Even in the unlikely event that he was just seeing the world and having a bit of fun, he would soon have realised what kind of people he was hanging out with. Even the thickest plank in the wood pile would quickly have grasped that Al Qaeda consisted of a lot of freaks who wanted to kill people of Anglo-Saxon appearance, including Hicks’ friends and family back in Adelaide. So this crap about how he didn’t understand what he’d got himself into until after September 11 and then all he wanted to do was get away doesn’t wash with me.
However, and here’s the vital thing, our society has a few bedrock principles. One is that the State, generally meaning the government, can’t lock citizens up without having a lawful reason. What’s more, because it’s obviously unacceptable to let the State decide whether or not there is such a lawful reason, any citizen who gets locked up has the right to challenge that detention before an independent court. It’s a fundamental right that was won hundreds of years ago in English-speaking countries, and people have had to fight for it over and over in the centuries since.

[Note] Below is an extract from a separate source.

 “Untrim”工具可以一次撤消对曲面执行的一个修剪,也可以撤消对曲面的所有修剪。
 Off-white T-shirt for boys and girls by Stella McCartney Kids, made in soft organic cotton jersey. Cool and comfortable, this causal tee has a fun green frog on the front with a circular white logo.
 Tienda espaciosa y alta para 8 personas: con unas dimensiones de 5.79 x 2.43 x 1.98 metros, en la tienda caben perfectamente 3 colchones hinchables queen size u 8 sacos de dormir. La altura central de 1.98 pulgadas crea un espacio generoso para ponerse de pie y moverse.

That’s the principle involved in the Hicks affair - it’s got nothing to do with whether he gets enough sunlight or he’s going crazy or his lawyer seems like a real good bloke. The grievous wrong that’s been done to our society is that we have acquiesced in our closest ally, the USA, locking up hundreds of people including one of our own countrymen and denying them the ability to have their detention reviewed by an independent court. Once we concede that it’s OK to do that, we open the way for arbitrary arrest and imprisonment and concentration camps and all the other foul things that are associated with authoritarian governments throughout history. Our cry should be ‘close down Guantanamo Bay’, not ‘justice for Our David’.

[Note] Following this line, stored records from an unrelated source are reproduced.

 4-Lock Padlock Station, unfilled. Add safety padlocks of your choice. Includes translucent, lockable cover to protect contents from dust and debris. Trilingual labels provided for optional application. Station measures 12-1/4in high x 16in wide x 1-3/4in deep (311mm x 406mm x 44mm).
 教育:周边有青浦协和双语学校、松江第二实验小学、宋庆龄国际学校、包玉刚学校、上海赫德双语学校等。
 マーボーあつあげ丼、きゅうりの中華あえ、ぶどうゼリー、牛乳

Don’t fall into the trap of thinking this is alarmist scare-mongering and it couldn’t happen here. Governments of any persuasion can always invent plausible reasons why it’s in the ‘national interest’ to lock a few people away for a while. Once they get used to it, it becomes the standard response to all sorts of problems. It’s not governments being evil, it’s just ordinary people trying to make their jobs easier … and nothing makes you job easier than getting rid of troublemakers who keep giving you a hard time.
In most developed countries, people who are detained by the State are entitled to be given a reason within a very short time - usually a matter of a day or two - and to challenge that reason if they choose. Our close ally the USA is trashing that long-standing principle on a grand scale at Guantanamo: it’s admitted that most of the hundreds of detainees will never be charged or face a military commission. They’ll stay there as long as the administration damn well feels like it, and if that means for the rest of their lives well so be it. In other words let’s call the place what it is, a concentration camp. The Brits had them in South Africa during the Boer War, and they were subsequently held to be a shameful moral stain on the British Empire, just as Guantanamo Bay will be on the American one.

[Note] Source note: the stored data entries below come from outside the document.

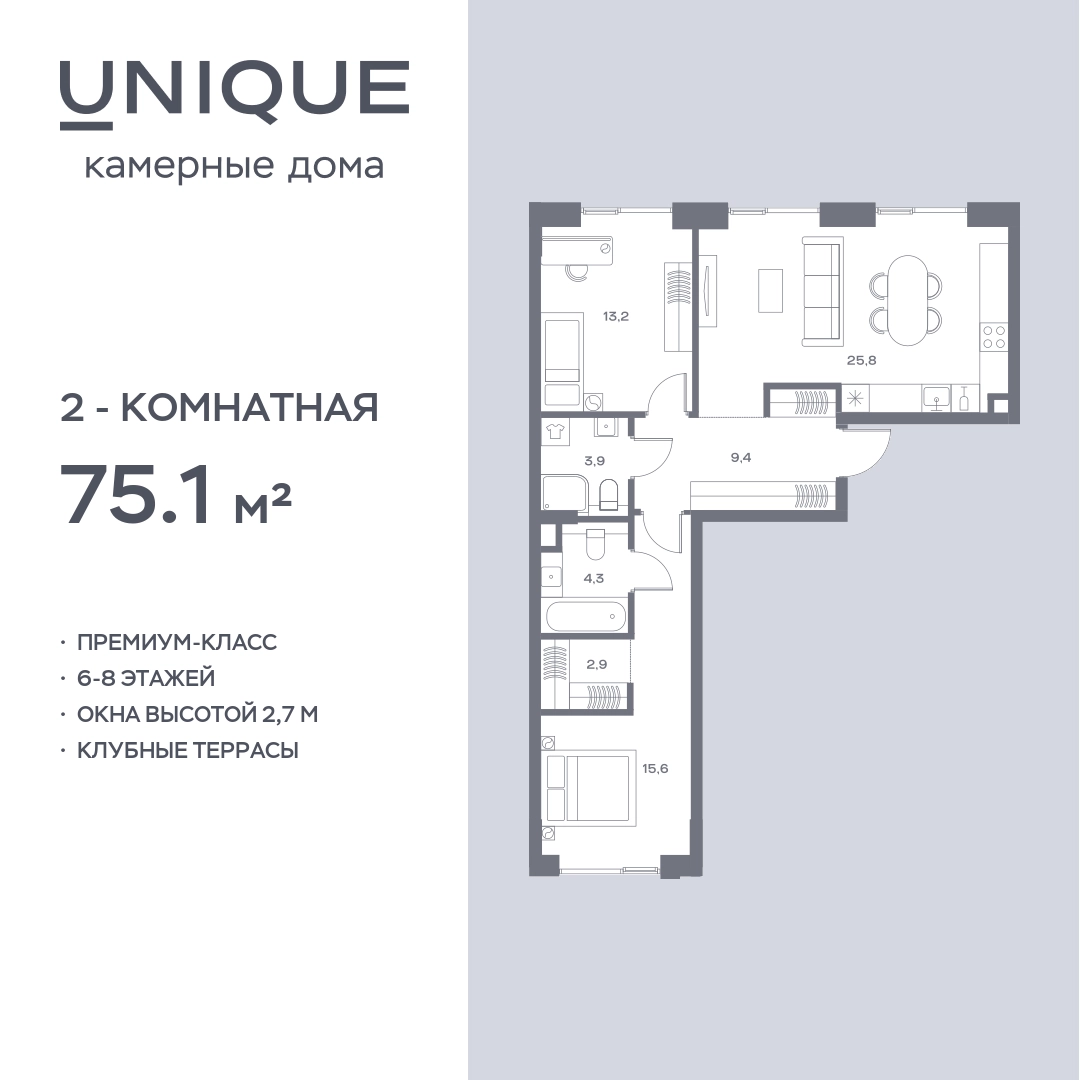 Цены указаны с условием 100% оплаты и стандартной ипотеки. Прямая продажа от застройщика! Продается 2-к. квартира квартира номер 746 общей площадью 75.1 кв.м. на 2-м этаже 8 этажного дома, корпус UNIQUE (премиум-класс). Без отделки. Проект бизнес-класса SOUL от девелопера FORMA. До метро Сокол 10 мин пешком. Архитектура от британского бюро SimpsonHaugh. Благоустройство дворов — Gillespies и GAFA. Территория состоит из культурного парка и приватных дворов. Озеленение в эстетике лесного оазиса. Насыщенное благоустройство: прогулочные тропинки, релакс-зоны, пряный и сенсорный сады, развивающие детские площадки и воркауты. В центре проекта объект культурного наследия — общественное пространство Изофабрика, построенная в 30-х годах по проекту архитектора Георгия Гольца. Здесь будут располагаться мастерские для взрослых и детей, выставочные залы, коворкинги, образовательный центр, рестораны и кафе. Квартиры с панорамными окнами, мастер-спальнями, гардеробными, классическими балконами и лоджиями, видовыми террасами. Высота потолков от 2,9 до 3,5 м. В проекте 2 детских сада на 100 и 200 малышей. Клубная гостиная, фитнес-рум, детская игровая комната, дизайнерские лобби, подземный паркинг и келлеры.О застройщике
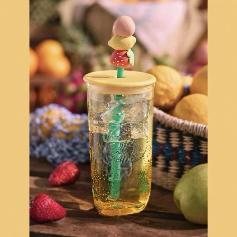 Vaso Triangular de Vidrio con Stopper Starbucks China 2025 Fruit Romance series Triangle glass cup 473ml
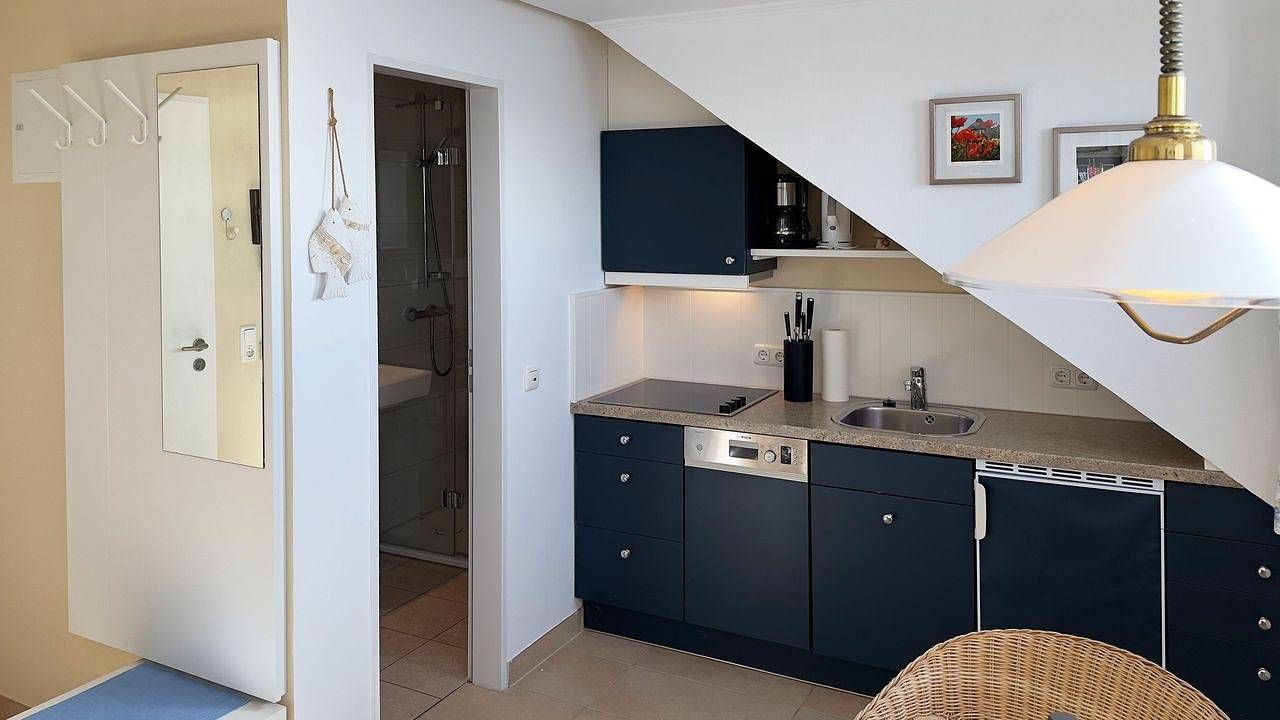 Beschreibung der Wohnung Die Ferienwohnung „Südspitze 34/26" im 1. Obergeschoss des Hauses in Wittdün auf Amrum ist eine 1-Zimmer-Ferienwohnung mit Schlafmöglichkeiten für 1 bis 2 Personen. Die Wohnung verfügt über 1 Wohn- /Schlafraum mit Meerblick, WLAN, Sat-TV und offener Küche, 1 Badezimmer mit Dusche und WC; PKW-Stellplatz. Anfahrt IHR PKW-STELLPLATZ befindet sich auf dem unteren Parkplatz in der Nähe von Inselstraße 3 gegenüber der Gaststätte Rialto. Dort befinden sich mehrere Plätze mit der Nummer 34. ----- IHRE FERIENWOHNUNG befindet sich als mittlere Wohnung im 1. Obergeschoss des Hauses 34 und hat die Nummer 26.

These don’t seem like complex arguments to me but for some reason they don’t appear capable of holding the public’s attention, at least if the media coverage of Hicks is any indication. The government’s tactics are obvious: convince everyone that Hicks is guilty of serious offences. They’ve been at that since they announced he was in custody and Peter Costello was still at it over the weekend. Unfortunately most people seem happy to debate on the government’s chosen territory, which has now turned out not to be such a great choice for the government since it’s getting harder and harder to come up with things Hicks has allegedly done that would even justify the punishment he’s already undergone. But important as that no doubt is to Hicks and his family, it’s a lot of noise about the wrong things.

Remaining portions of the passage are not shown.